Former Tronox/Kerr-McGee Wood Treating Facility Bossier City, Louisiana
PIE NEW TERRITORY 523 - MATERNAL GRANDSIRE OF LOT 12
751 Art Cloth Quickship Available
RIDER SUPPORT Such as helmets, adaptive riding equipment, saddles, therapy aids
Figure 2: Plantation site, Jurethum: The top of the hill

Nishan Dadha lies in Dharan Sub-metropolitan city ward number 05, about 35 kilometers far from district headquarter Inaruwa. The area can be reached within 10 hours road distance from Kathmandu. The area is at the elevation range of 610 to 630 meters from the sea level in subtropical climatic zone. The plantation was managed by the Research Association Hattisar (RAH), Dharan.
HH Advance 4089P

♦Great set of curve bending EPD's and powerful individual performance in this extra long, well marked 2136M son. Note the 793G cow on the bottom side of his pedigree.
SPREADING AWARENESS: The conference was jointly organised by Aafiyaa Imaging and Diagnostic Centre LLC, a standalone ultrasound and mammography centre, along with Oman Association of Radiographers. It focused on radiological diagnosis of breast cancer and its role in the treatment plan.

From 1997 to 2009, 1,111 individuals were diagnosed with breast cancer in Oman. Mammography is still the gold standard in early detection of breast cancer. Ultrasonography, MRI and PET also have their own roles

========================================

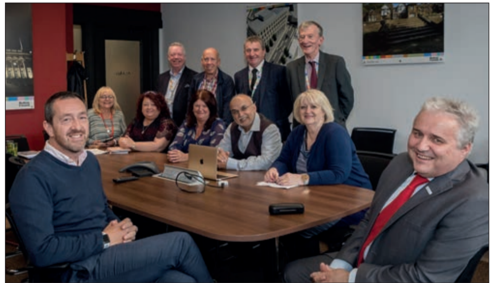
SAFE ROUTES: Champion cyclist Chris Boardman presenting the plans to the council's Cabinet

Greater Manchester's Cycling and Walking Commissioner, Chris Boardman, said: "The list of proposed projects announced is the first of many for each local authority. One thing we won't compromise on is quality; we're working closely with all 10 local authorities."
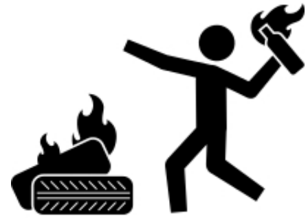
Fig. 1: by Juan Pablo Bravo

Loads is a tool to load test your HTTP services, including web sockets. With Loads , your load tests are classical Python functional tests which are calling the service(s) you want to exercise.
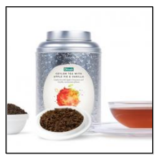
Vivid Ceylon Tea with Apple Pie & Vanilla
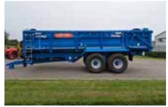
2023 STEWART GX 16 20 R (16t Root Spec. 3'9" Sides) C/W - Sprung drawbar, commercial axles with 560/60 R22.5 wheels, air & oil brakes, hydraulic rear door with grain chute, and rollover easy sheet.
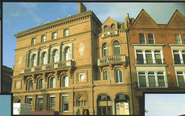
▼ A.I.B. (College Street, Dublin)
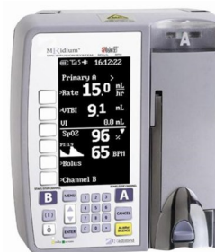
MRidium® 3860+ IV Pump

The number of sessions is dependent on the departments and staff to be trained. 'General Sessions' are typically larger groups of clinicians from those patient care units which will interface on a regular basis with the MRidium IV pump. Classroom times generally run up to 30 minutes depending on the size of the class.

========================================

[What is needed]:
Give back, unchanged, the run of lines in the listing above that begins at the line containing "RIDER SUPPORT Such" and ends at the line containing "of his pedigree.", both included.

[Solved exercise]:
RIDER SUPPORT Such as helmets, adaptive riding equipment, saddles, therapy aids
Figure 2: Plantation site, Jurethum: The top of the hill

Nishan Dadha lies in Dharan Sub-metropolitan city ward number 05, about 35 kilometers far from district headquarter Inaruwa. The area can be reached within 10 hours road distance from Kathmandu. The area is at the elevation range of 610 to 630 meters from the sea level in subtropical climatic zone. The plantation was managed by the Research Association Hattisar (RAH), Dharan.
HH Advance 4089P

♦Great set of curve bending EPD's and powerful individual performance in this extra long, well marked 2136M son. Note the 793G cow on the bottom side of his pedigree.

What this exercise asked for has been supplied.